US race to 5G is heating up
11 January 2018 | James Pearce
The race to be the first US operator to deploy 5G is heating up after Verizon CTO Hans Vestberg vowed the firm would beat rival AT&T during a keynote.
Former Ericsson man Vestberg said Verizon will be “first to 5G” at CES in Las Vegas – just a week after AT&T unveiled plans for a commercial 5G service deployment by the end of 2018.
According to Mobile World Live, Vestberg also pledged this 5G network would be live before CES 2019 – likely to be held in Las Vegas during January of next year.

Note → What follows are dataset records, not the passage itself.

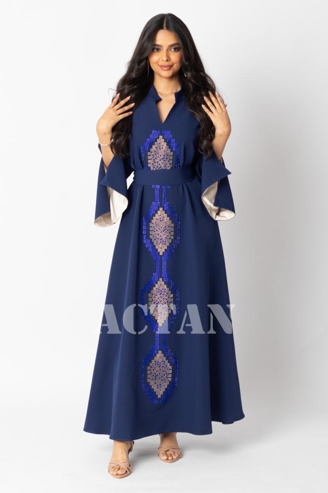 جلاببية ماكسي مزينة بفصوص لون ازرق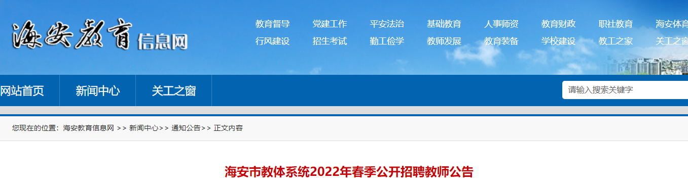 2022春季江蘇南通海安市教體系統(tǒng)公開招聘教師146人,報名時間:2022年2月16日09:00~2月18日17:00。現(xiàn)將招聘公告原文發(fā)布如下: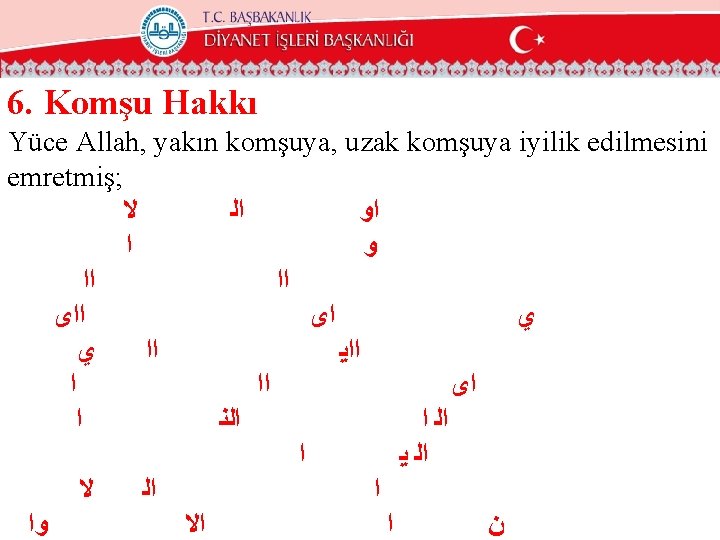 2. Ana-Baba Hakkı Kulların hakları söz konusu olduğunda, akla ilk önce anababalar gelir. Zira ebeveynler, çocuklarının üzerinde en çok emeği olan insanlardır. Bu yüzden Yüce Rabbimiz, kendisine kulluk emrinden hemen sonra, ana-babaya iyi davranmayı emretmiş. ﻭ ﻻ ﺍﻟ ﺍﻭ ﺍﺍ ﺍ ﺍﻯ ﻱ ﺍﺍﻳ ﺍﺍﻯ ﺍﺍ ﺍﻯ ﻱ ﺍﺍ ﺍﻟﻧ ﺍﻟ ﺍ ﺍﻟ ﻳ ﺍ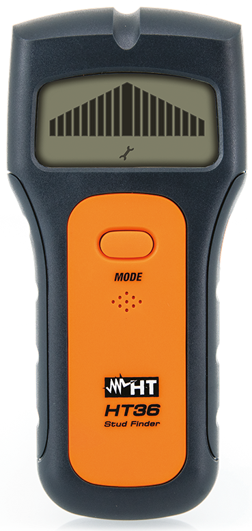 Цель: убедиться в отсутствии указанных целей перед сверлением, штроблением или же другими строительно-ремонтными работами. Либо наоборот, чтобы точно локализовать именно эти элементы для выполнения работ с ними. Прибор HT36 имеет всего 2 кнопки управления и ЖК-индикатор с графической шкалой. В режиме сканирования проводящих материалов детектор определяет не только металл (железо, чугун, сталь), но и объекты из цветных металлов: медь и алюминий и их сплавов. Детектор имеет звуковую и визуальную индикацию при детектировании цели и отображение выбранного режима работы. Каждому режиму соответствует своя пиктограмма на дисплее.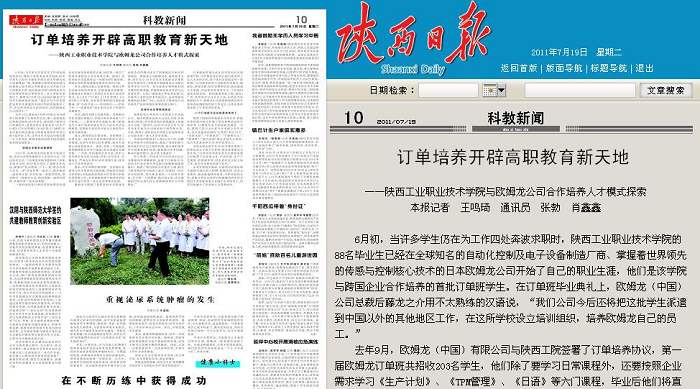 7月19日,《陕西日报》在第10版以《订单培养开辟高职教育新天地——开云网页版app官网与欧姆龙公司合作培养人才模式探索》为题报道我院校企合作、订单培养的办学实践,先后被《中国教育开云(中国)网》、《当代陕西网》等多个主流媒体转载,在社会和行业引起了极大关注。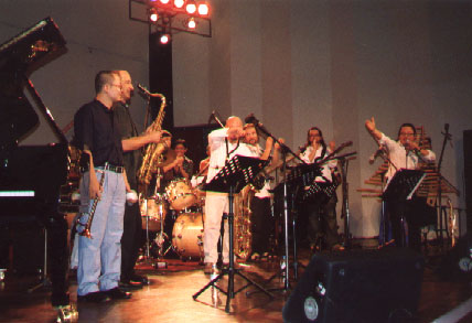 | C'est là que pendant plusieurs jours, nous nous sommes retrouvés pour mélanger nos deux formations musicales. Nous avons ainsi mixés les répertoires et les musiciens. | |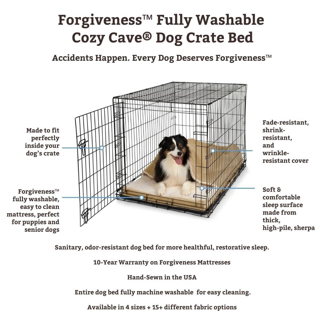 Snoozer Pet Products 100% Washable Forgiveness Cozy Cave Orthopedic Dog & Cat Crate Bed with Removable Cover, Khaki, Large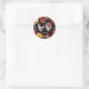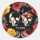 Sticker Rond Crâne de squelette rouge jaune automne floral mari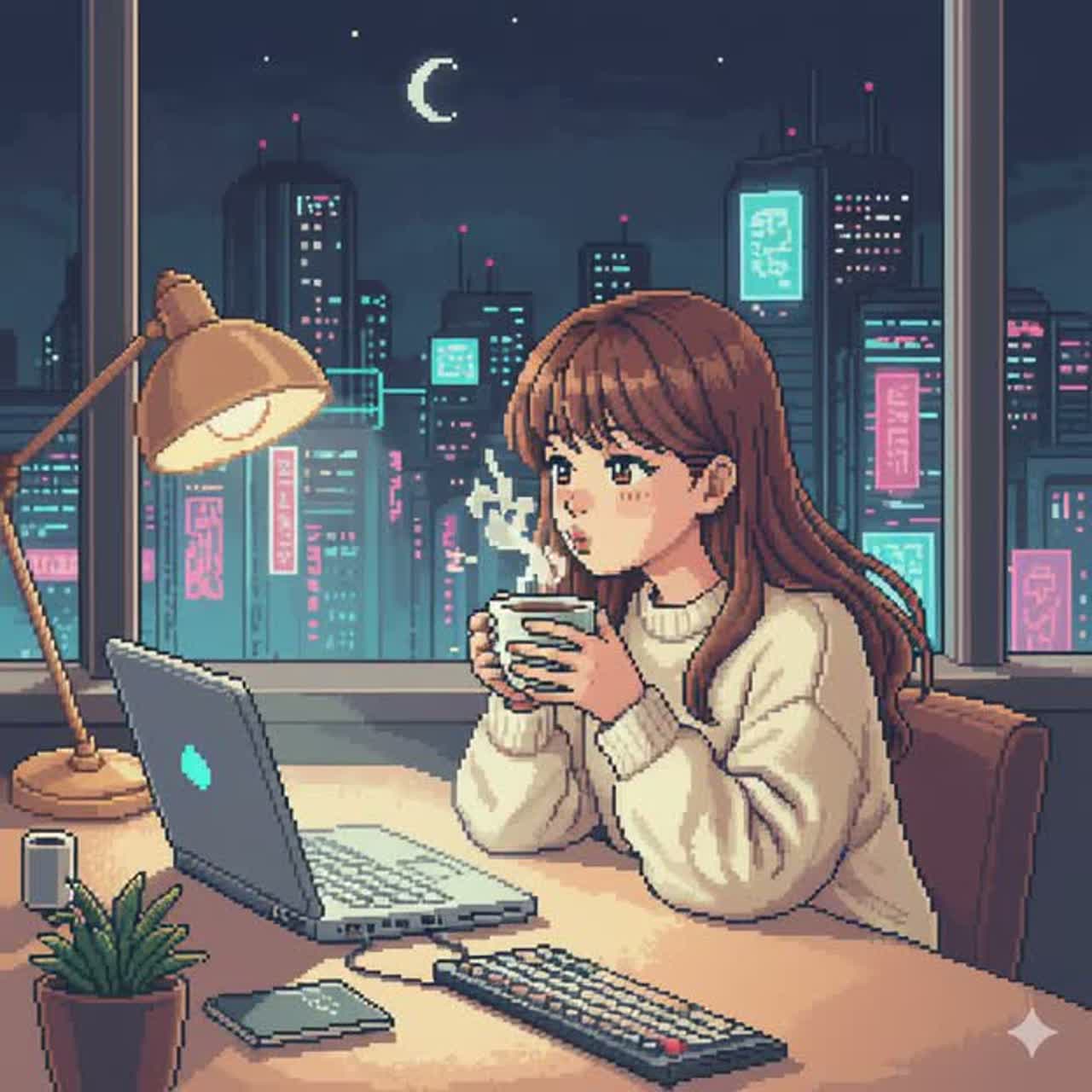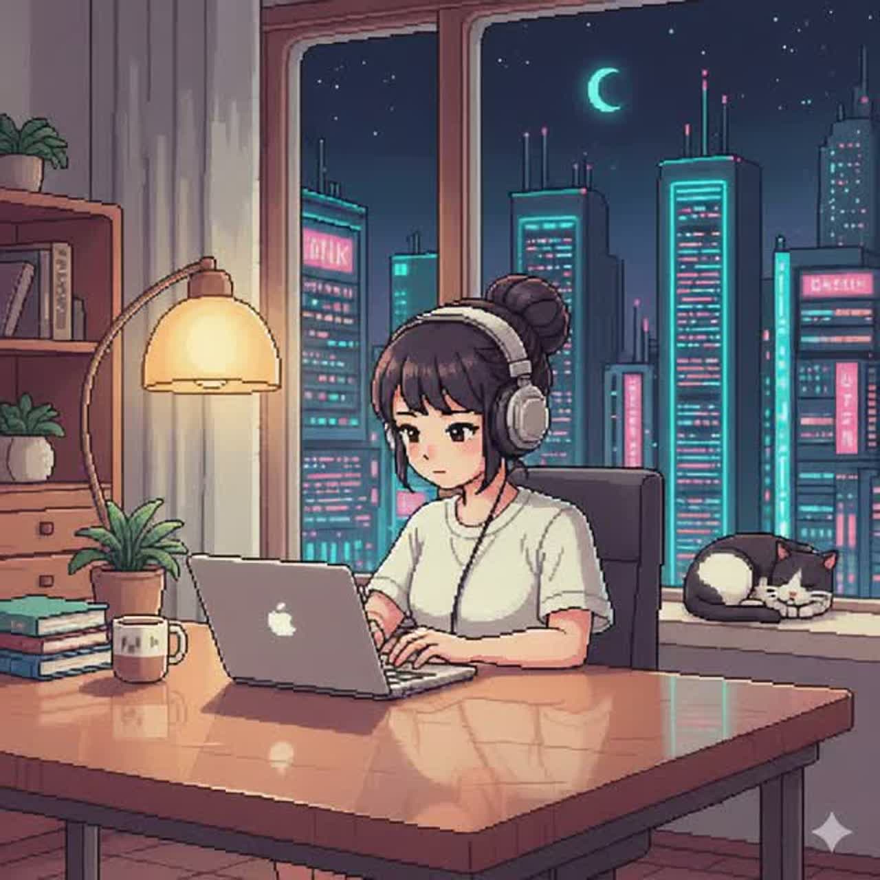 playing emotional chords with major 7th, minor 7th, and suspended tones, Smooth and gentle attack, Tempo around 74–76 BPM, Light chill pop rhythm with a soft pulse and gentle movement, No hip hop groove, No heavy bass, Bass should be warm and light, slightly more present than the first track, Wide airy pads and subtle reverb create a calm night atmosphere, Feels like late night slowly becoming easier to breathe, Feminine, soft, and introspective mood, Background music for night work, quiet thinking, and focus, Smooth loopable structure, Gentle fade in and fade out

Verizon is widely expected to use 5G technology for fixed wireless solutions, having fixed Samsung has its vendor earlier this year. This is supported by Vestberg’s words at CES when he discussed the benefits of 5G fixed wireless, saying the company’s planned 3-5 market deployment will focus on residential broadband.

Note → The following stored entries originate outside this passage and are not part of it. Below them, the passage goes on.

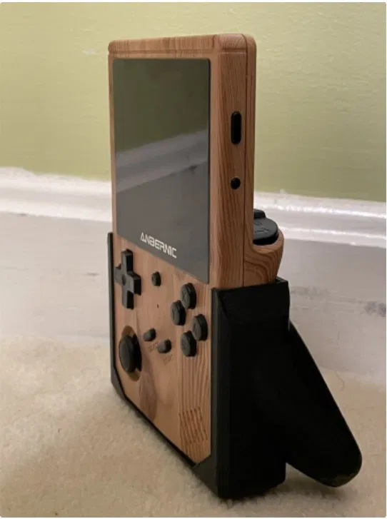 Tay cầm chơi game công thái học cho Anbernic RG351V. Thiết kế công thái học giúp chơi game thoải mái hơn. Lỗ ở dưới đáy cho phép bạn sạc hoặc cắm tai nghe mà không cần tháo tay cầm. Thiết kế bằng TinkerCad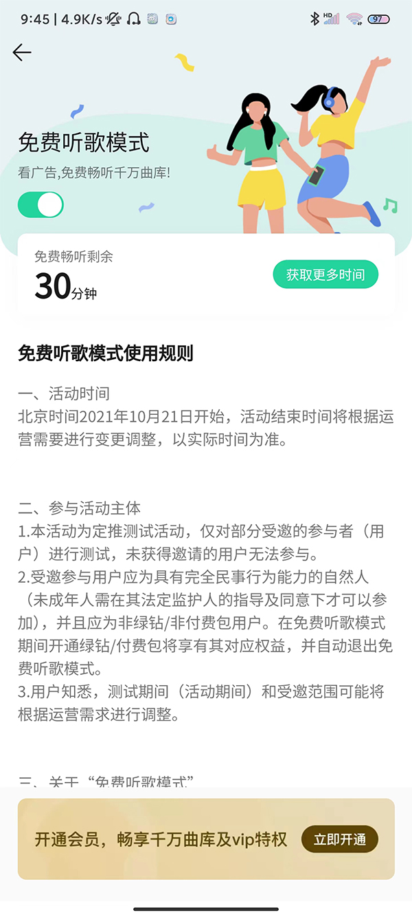 用户选择开启免费听歌模式后,在免费听歌有效期间可以畅听特定会员歌曲的完整版(即原本未开通会员时只能试听30秒/60秒的歌曲,进入免费听歌模式后可以听完整全曲),但不包含数字专辑、数字音乐单曲、会员长音频等内容,同时,用户知悉,基于版权方要求,部分属于免费听歌范围的歌曲将可能需要另外支付费用或办理会员。具体免费听歌范围以歌曲页面提示为准。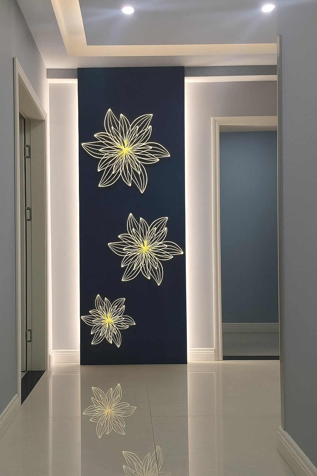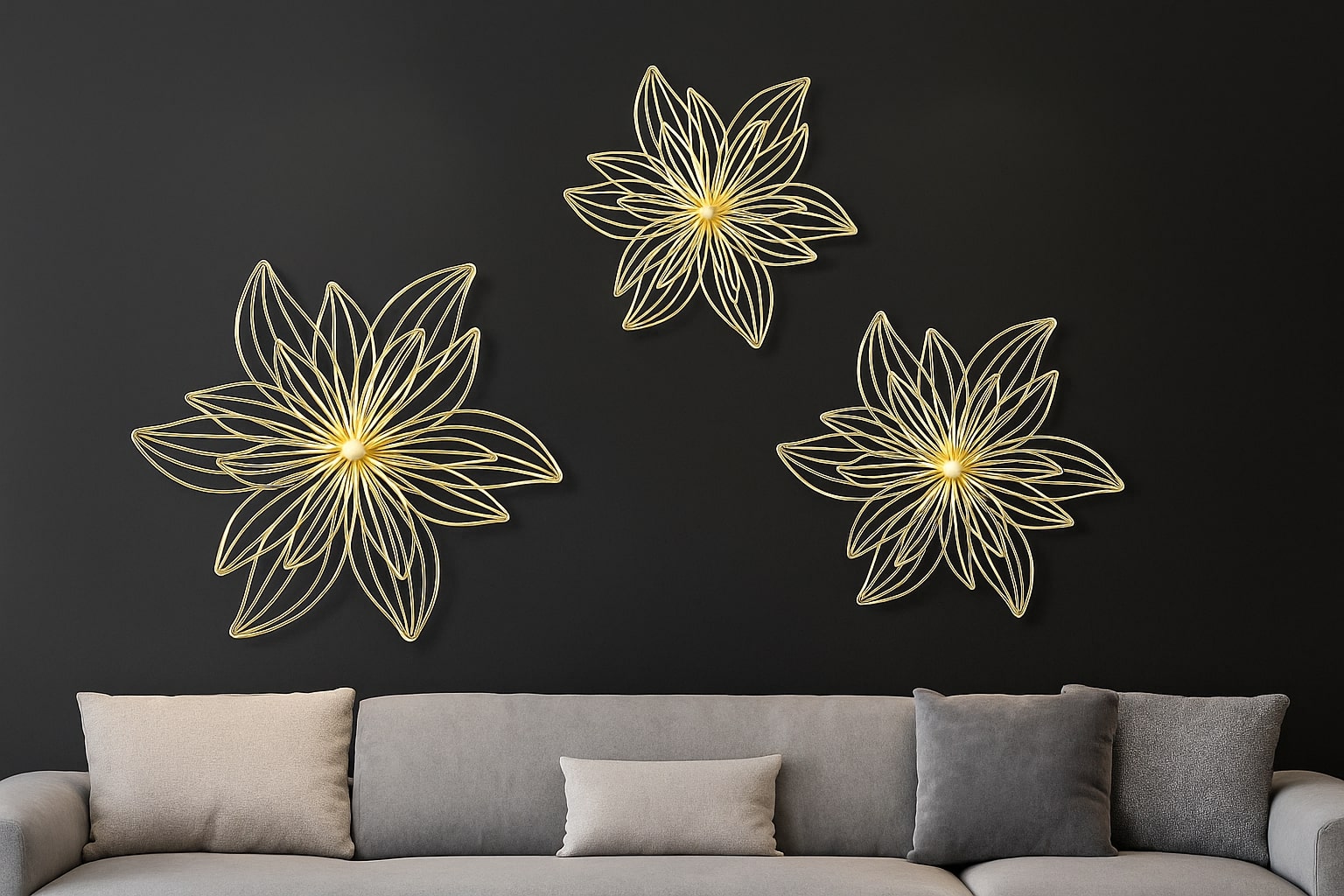 Elegant golden outlines of layered lotus petals form abstract floral motifs in 3D symmetry. The open-frame design adds lightness and depth, enhancing the wall with nature-inspired sophistication.

“Verizon will be first, and that is what’s most important,” said Vestberg.
“5G, from the beginning, was designed to be the industrial Internet sort of impacting our society. Of course, there’s going to be benefits from the — from consumers, but low latency down to milliseconds, throughputs over gigabits on the wireless networks, battery life up to 10 years, in some cases, five years to 10 years. Those type of things were designed for use cases that not typically might be the consumer use case.”
AT&T’s most recent announcement revealed that it will use official 5G standards to launch a mobile 5G service in a dozen markets in the US by the end of 2018.

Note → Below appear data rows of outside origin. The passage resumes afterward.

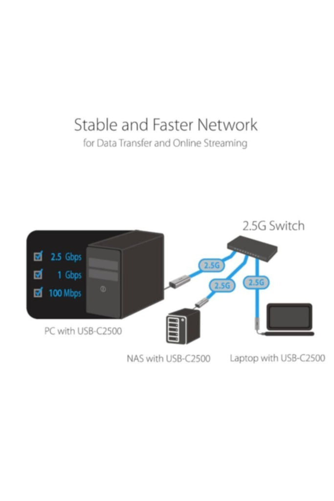 • Wide compatibility for USB 3.0 port – Compatible with Windows, Mac OSX, and Linux. Conveniently upgrade your NAS, laptop or desktop to hyper fast 2.5G transfer speed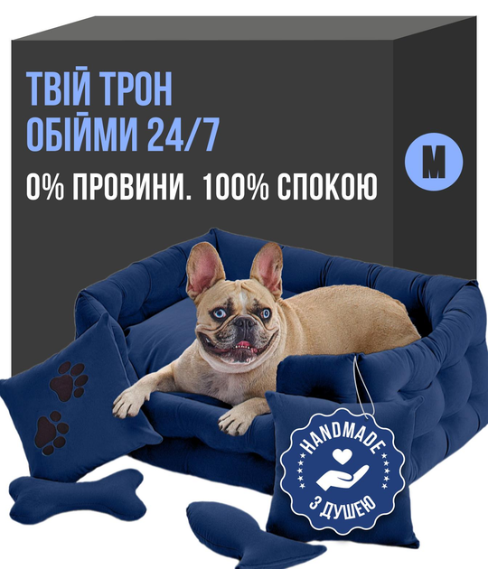 Лежак для собак лежанка для собаки Doggy Affairs ліжко ручної роботи спальне місце М 73х53 см синій (без подушок)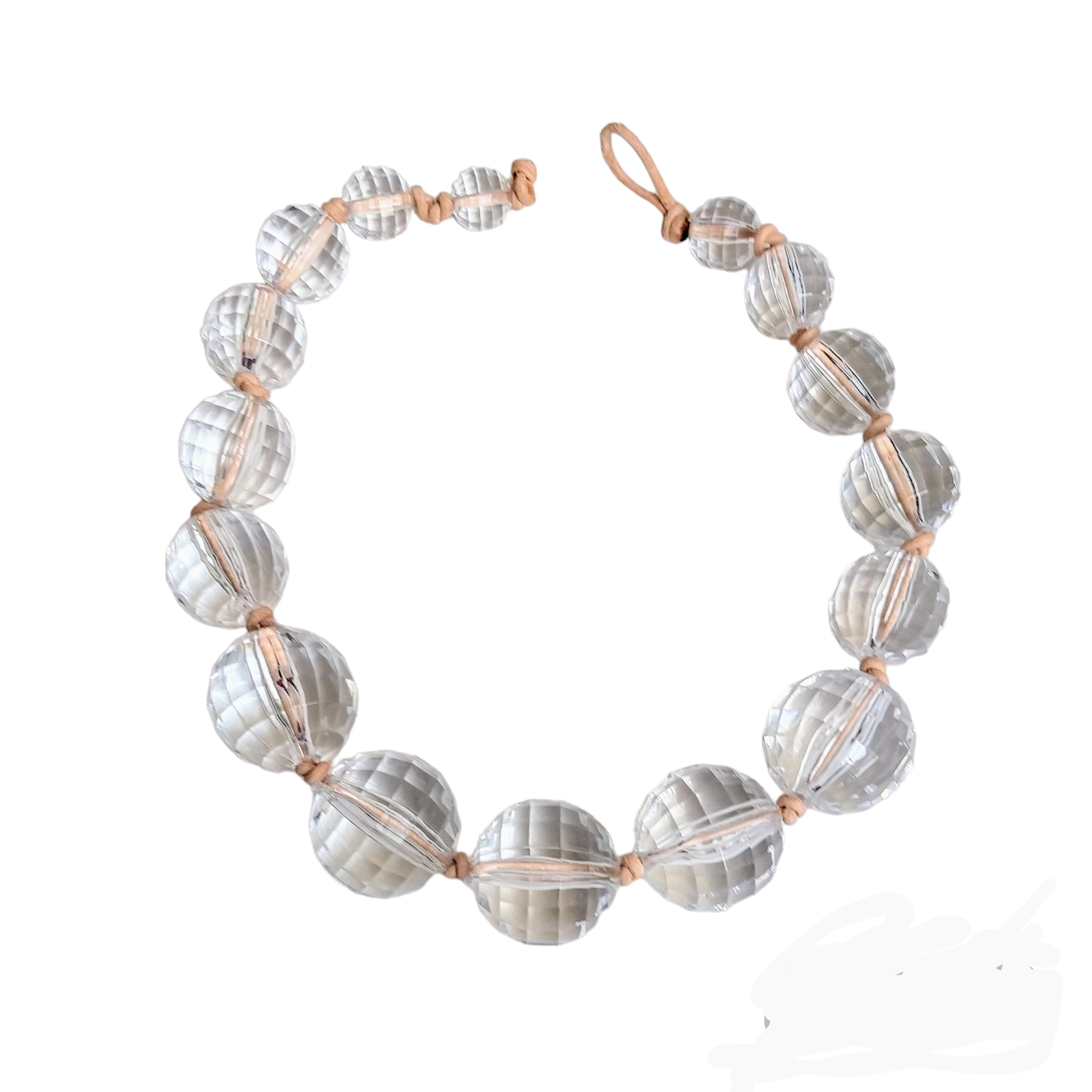 Colar esferas de resina super facetada, com fio de couro nude até o fechamento. Comprimento 45 cm

AT&T said it had laid the foundation during 2017 for what it called 5G Evolution in 23 major metropolitan areas – Atlanta; Austin; Boston; Bridgeport, Connecticut; Buffalo, New York; Chicago; Fresno; Greenville, South Carolina; Hartford, Connecticut; Houston; Indianapolis; Los Angeles; Louisville; Memphis; Nashville; New Orleans; Oklahoma City; Pittsburgh; San Antonio; San Diego; San Francisco; Tulsa, Oklahoma and Sacramento, California.
It comes as T-Mobile US CTO Neville Ray took a swipe at its larger rivals, accusing them of failing to commit “to a real 5G experience for mobile consumers” in a tweet sent following the AT&T announcement.
Ray added: “Meanwhile T-Mobile’s already started building a real, mobile NATIONWIDE 5G network.”
Mobile standards body the 3GPP has agreed on the specification for non-standalone 5G new radio at a meeting in Portugal – the first official specification for 5G - opening the way for operators to being initial deployments.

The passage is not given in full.